● Data block:
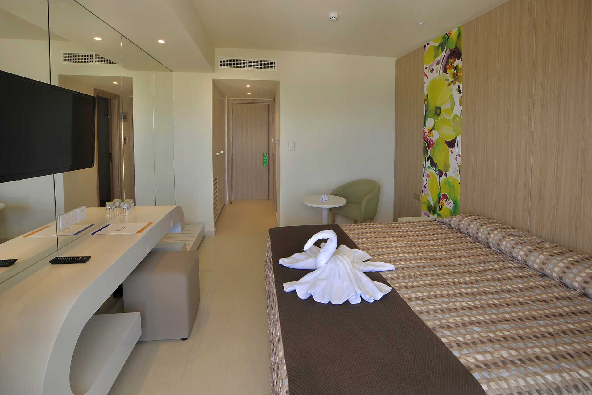 Luxury Room med balkong, vissa med havsutsikt. Rummen ligger på femte våningen i byggnaden Imperial. En dubbelsäng eller två enkelsängar. Möjlighet till extrabädd i hopvikbar säng eller i enkelsäng. Wifi och luftkonditionering ingår. Deponering mot avgift. Kylskåp. Vattenkokare samt kaffe och te. Tv med internationella kanaler. Badrockar och tofflor. Hårtork. Badrum med dusch och wc. Städning 7 ggr/vecka.
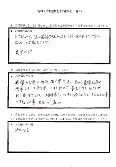 - 当社を知ってから塗り替え工事をご依頼頂くまでに、何かためらったり迷ったりすることはあったでしょうか?また、それはどのようにして解消されましたでしょうか?
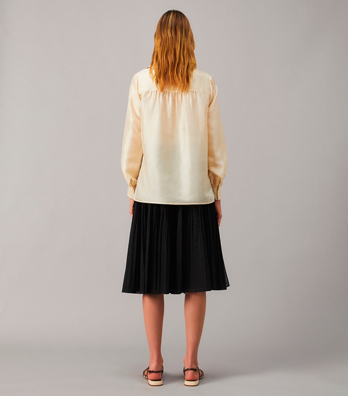 Uma das primeiras silhuetas que criamos, a túnica é atualizada para a estação em gazar de seda italiana leve, com decote aberto. Use a blusa universalmente elegante por dentro de jeans de cintura alta ou com uma saia justa e franzida, como mostrado na passarela.
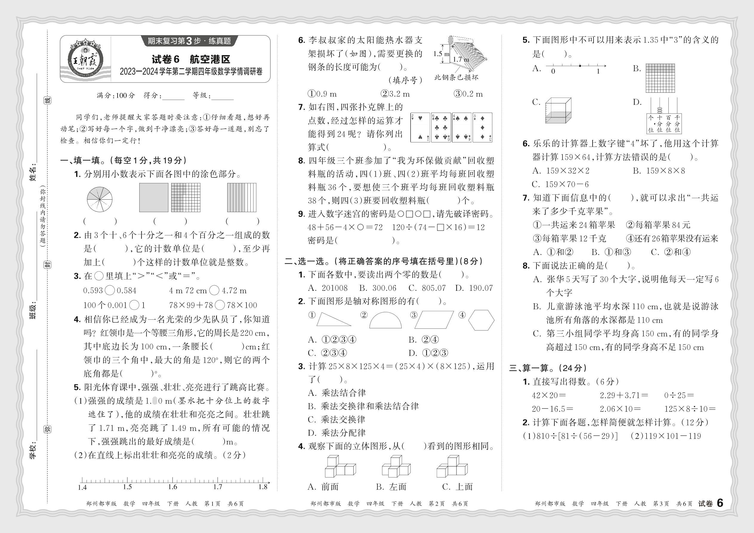 河南省郑州市航空港区2023—2024学年第二学期四年级数学学情调研卷(人教版)【6】

● Task to carry out: The images are to be left out; every line above should be set down exactly.

● Answer for this exercise:
 Luxury Room med balkong, vissa med havsutsikt. Rummen ligger på femte våningen i byggnaden Imperial. En dubbelsäng eller två enkelsängar. Möjlighet till extrabädd i hopvikbar säng eller i enkelsäng. Wifi och luftkonditionering ingår. Deponering mot avgift. Kylskåp. Vattenkokare samt kaffe och te. Tv med internationella kanaler. Badrockar och tofflor. Hårtork. Badrum med dusch och wc. Städning 7 ggr/vecka.
 - 当社を知ってから塗り替え工事をご依頼頂くまでに、何かためらったり迷ったりすることはあったでしょうか?また、それはどのようにして解消されましたでしょうか?
 Uma das primeiras silhuetas que criamos, a túnica é atualizada para a estação em gazar de seda italiana leve, com decote aberto. Use a blusa universalmente elegante por dentro de jeans de cintura alta ou com uma saia justa e franzida, como mostrado na passarela.
 河南省郑州市航空港区2023—2024学年第二学期四年级数学学情调研卷(人教版)【6】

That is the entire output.